This is a great way to get a view of what words end up appearing in our documents, and what kind of document topics might be present. For more details, such as the other topic models which Gensim provides, as well as ways to measure topic coherence (performance), and visualisation, the topic modelling notebook in the same directory will serve as a good resource.

## Text Classification

In the previous example, we worked with unlabelled, unstructured data. Classification is a machine learning task which is quite different from the previous examples because we are dealing with labelled data, and we know what classes we want to put our documents into - we are not discovering topics or classes.

For such an example, we would need to use a labelled data-set, and in our case we will be using the previously mentioned 20NG dataset.

In [None]:
from sklearn.datasets import fetch_20newsgroups
from sklearn.decomposition import TruncatedSVD
from sklearn.feature_extraction.text import TfidfVectorizer
from sklearn.feature_extraction.text import HashingVectorizer
from sklearn.feature_extraction.text import TfidfTransformer
from sklearn.feature_extraction.text import CountVectorizer

categories = [
    'alt.atheism',
    'talk.religion.misc',
    'comp.graphics',
    'sci.space',
]

from sklearn.pipeline import Pipeline
from sklearn.pipeline import make_pipeline
from sklearn.preprocessing import Normalizer

In [None]:
data_train = fetch_20newsgroups(subset='train', categories=categories,
                             shuffle=True, random_state=42)
n_components = 5
labels = data_train.target
true_k = np.unique(labels).shape[0]

# convert to TF-IDF format
vectorizer = TfidfVectorizer(max_df=0.5, min_df=2, stop_words='english', use_idf=True)
X_train = vectorizer.fit_transform(data_train.data)

# Reduce dimensions
svd = TruncatedSVD(n_components)
normalizer = Normalizer(copy=False)
lsa = make_pipeline(svd, normalizer)

X_train = lsa.fit_transform(X_train)

In [None]:
# order of labels in `target_names` can be different from `categories`
data_test = fetch_20newsgroups(subset='test', categories=categories,
                               shuffle=True, random_state=42)

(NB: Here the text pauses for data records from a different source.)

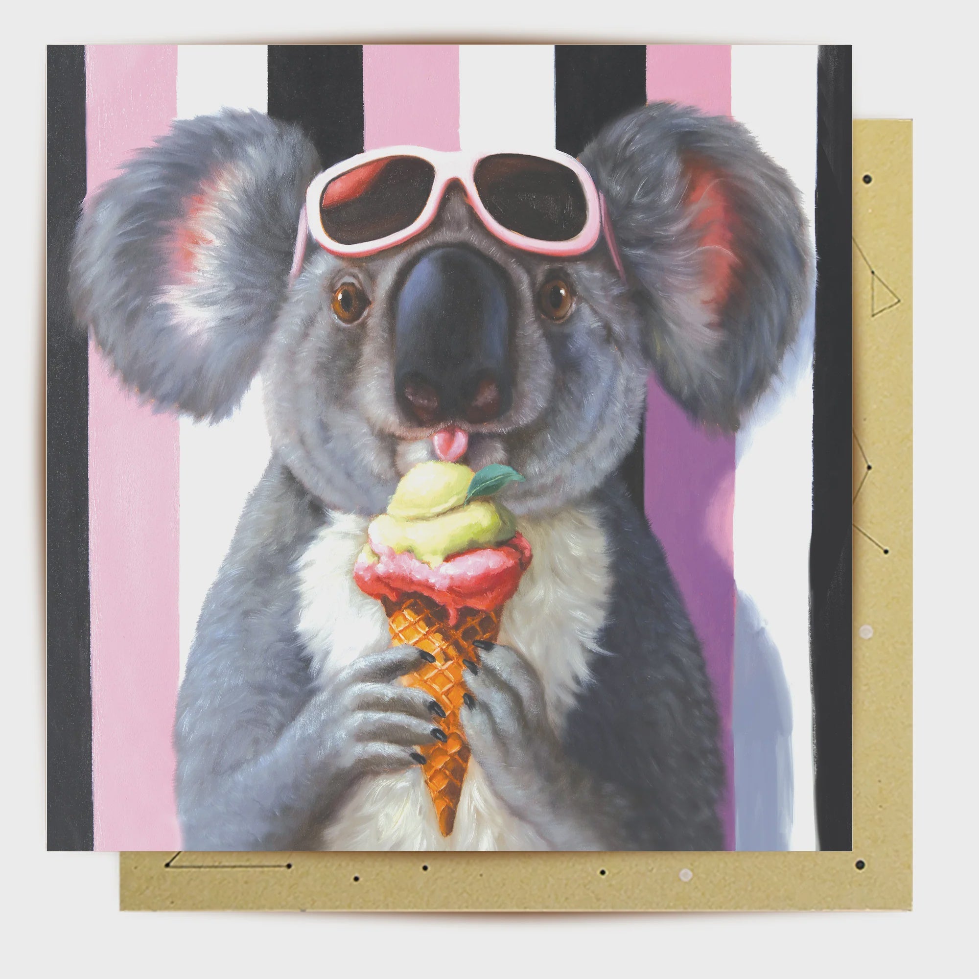 14 x 14 cm greeting card with illustrations inside and out. Includes a kraft envelope.
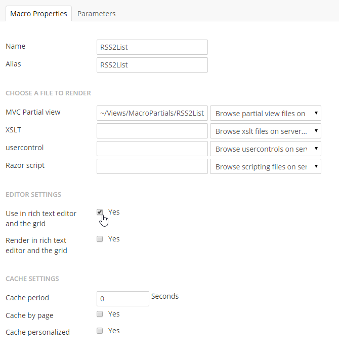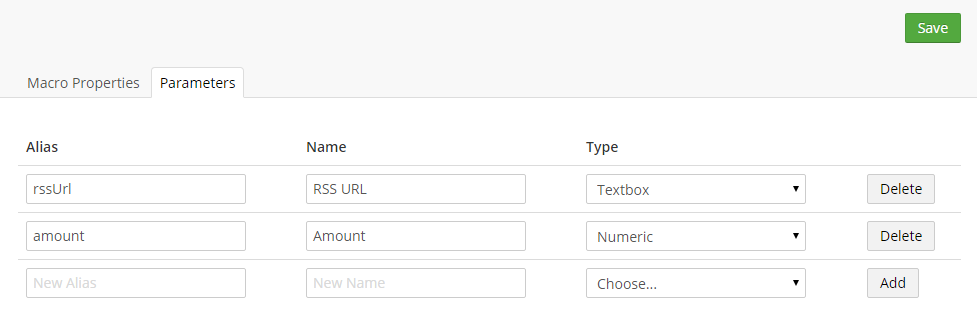 Now that we have our new macro created, Let’s add some parameters to it to make this even more customizable for your users. Expand the Macros area in the Developer section and click on the Parameters tab. We need to create 2 new parameters to allow us some extra flexibility and re-usability with this macro, just in case we want to use it multiple times in our site for different RSS feeds. Create the following two parameters on your macro and click the Save button when you are finished.
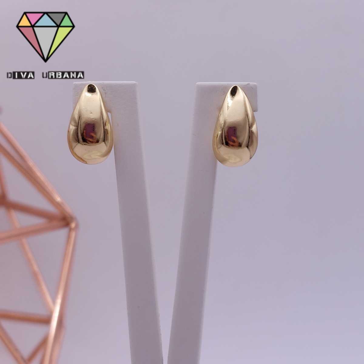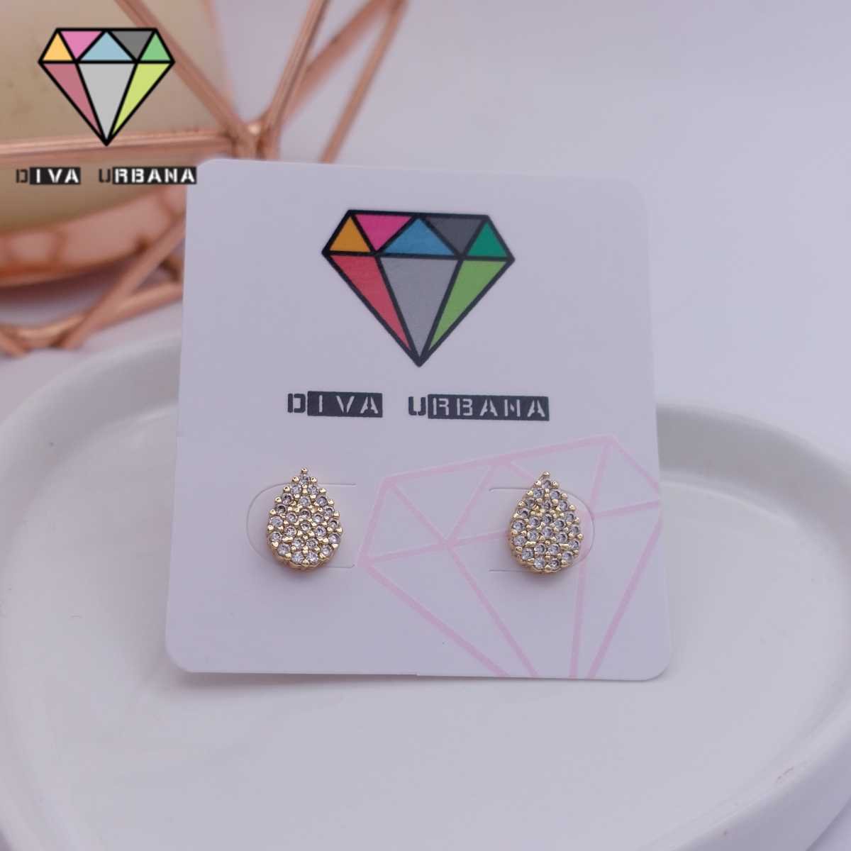 B6790 BRINCO MOLDURA DOURADA PEDRA GOTA CRISTAL P
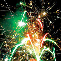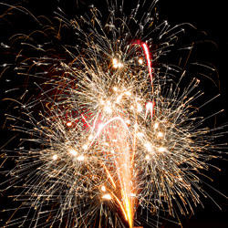 Поток серебряных мерцающих рыбок, золотых звёздочек. Поток золотых и серебряных трещащих искр и цветных огней. Светящийся смайлик.
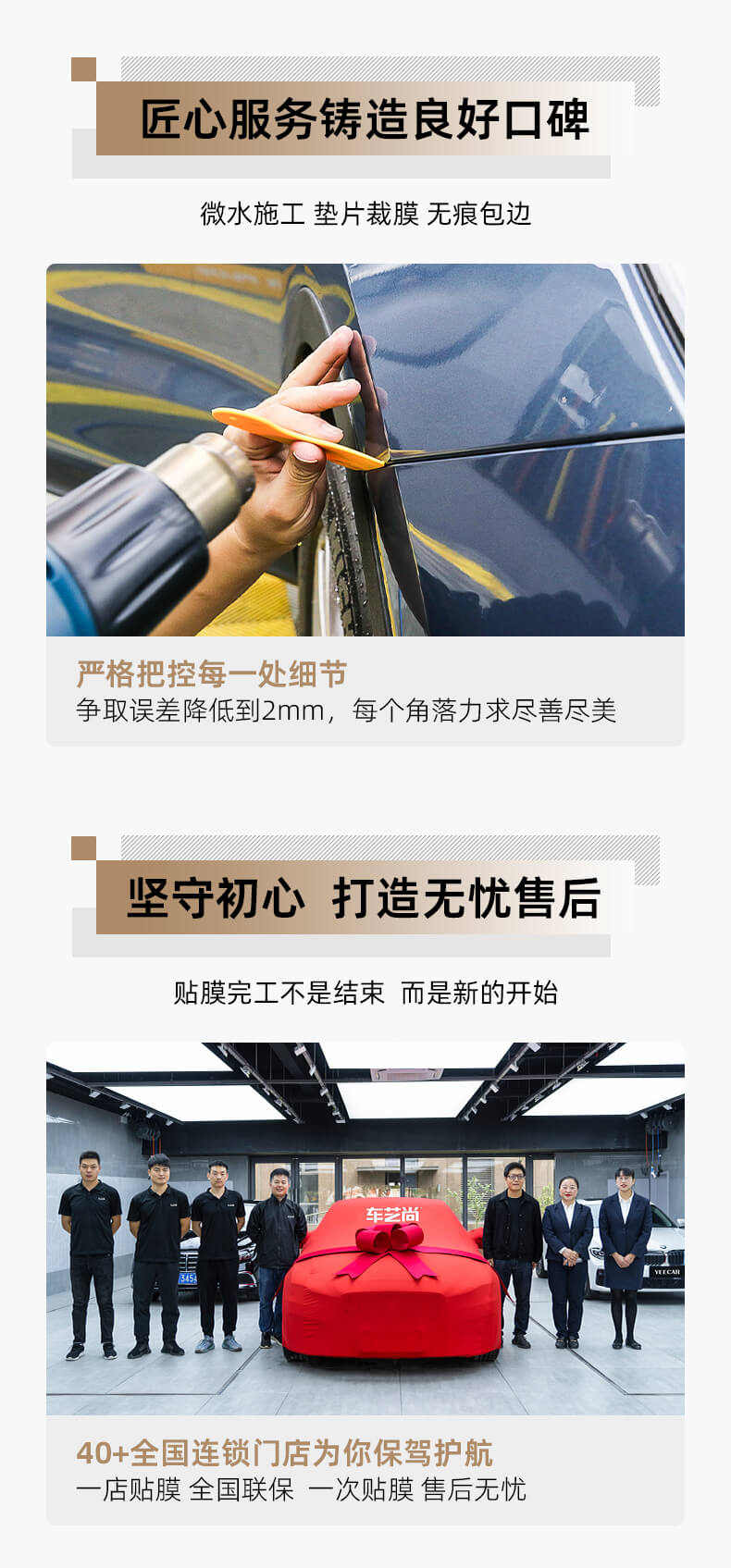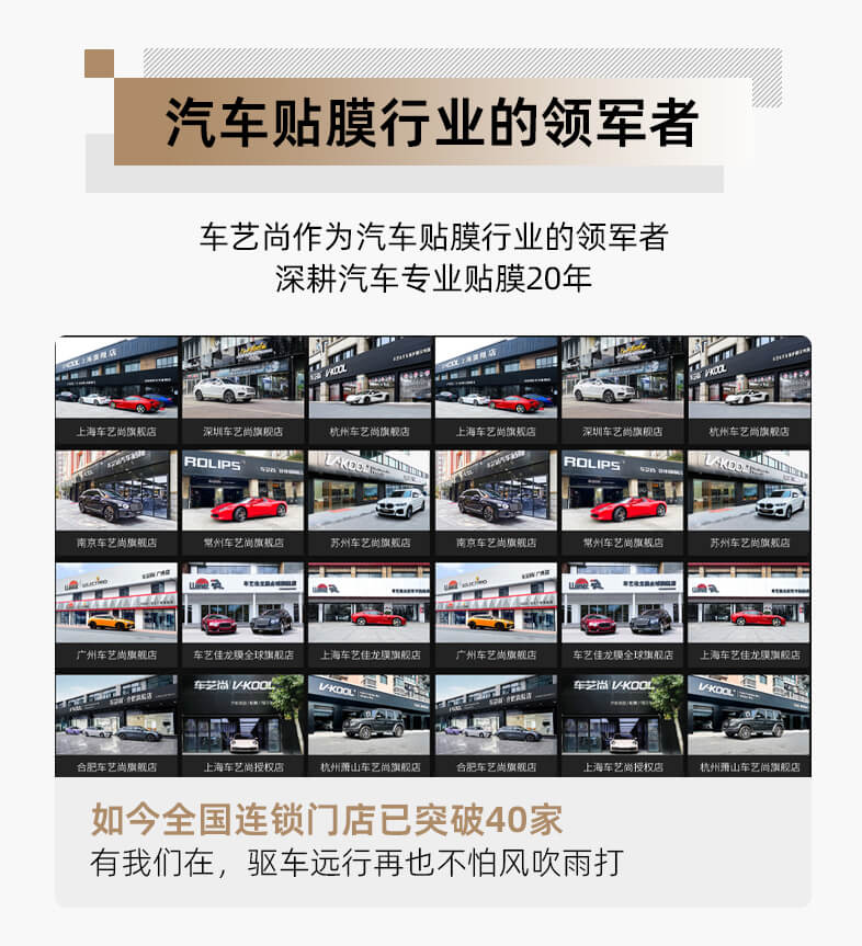 车艺尚汽车贴膜连锁,深耕汽车贴膜行业20年,2003年在上海开设的第一家门店,如今已经成为车艺尚汽车贴膜连锁总部,全国直营城市有40+,每个店都按照总店标准装修,喷淋系统、照明系统、雾化降尘、恒温车间,专业施工团队,专车专用裁膜系统,以及配备全套玻璃膜、隐形车衣检测设备,每一位车主在贴膜前可以检测对比产品性能,实现先体验后施工。

target_names = data_train.target_names
# split a training set and a test set
y_train, y_test = data_train.target, data_test.target

print("Extracting features from the test data using the same vectorizer")
X_test = vectorizer.transform(data_test.data)
X_test = lsa.fit_transform(X_test)

Take a minute to note the pre-processing steps we used above - it is less transparent than our method with spaCy, but it is still important to know and to be able to use the scikit-learn modules for the same. 

In [None]:
from sklearn.naive_bayes import GaussianNB

In [None]:
gnb = GaussianNB()
y_pred_NB = gnb.fit(X_train, y_train).predict(X_test)

In [None]:
y_pred_NB

In [None]:
from sklearn.svm import SVC

In [None]:
svm = SVC()
y_pred_SVM = svm.fit(X_train, y_train).predict(X_test) 

## Deep Learning

The final bit of our tutorial will explore the ideas of neural networks, and using RNNs to generate text.

A Recurrent Neural Network does one step better than other neural networks because of its ability to remember context, as each layer in the network is built with information from the previous layer - this additional context allows it to perform better. We will be using a particular variant of an RNN called LSTM, or Long Short Term Memory - as the name suggests, it has the ability to have short-term memory which can last for a long period of time. Whenever there is a significant time-lag between inputs, LSTMs tend to perform well - considering the nature of language, where a word which appears later on in a sentence is influenced by the context of the sentence, this property starts becoming more important. For a more detailed explanation on the mathematics or intuition behind an LSTM and RNN, the following blog posts can be very useful:

[Understanding LSTM Networks](http://colah.github.io/posts/2015-08-Understanding-LSTMs/)
[Unreasonable Effectiveness of Reccurent Neural Networks](http://karpathy.github.io/2015/05/21/rnn-effectiveness/)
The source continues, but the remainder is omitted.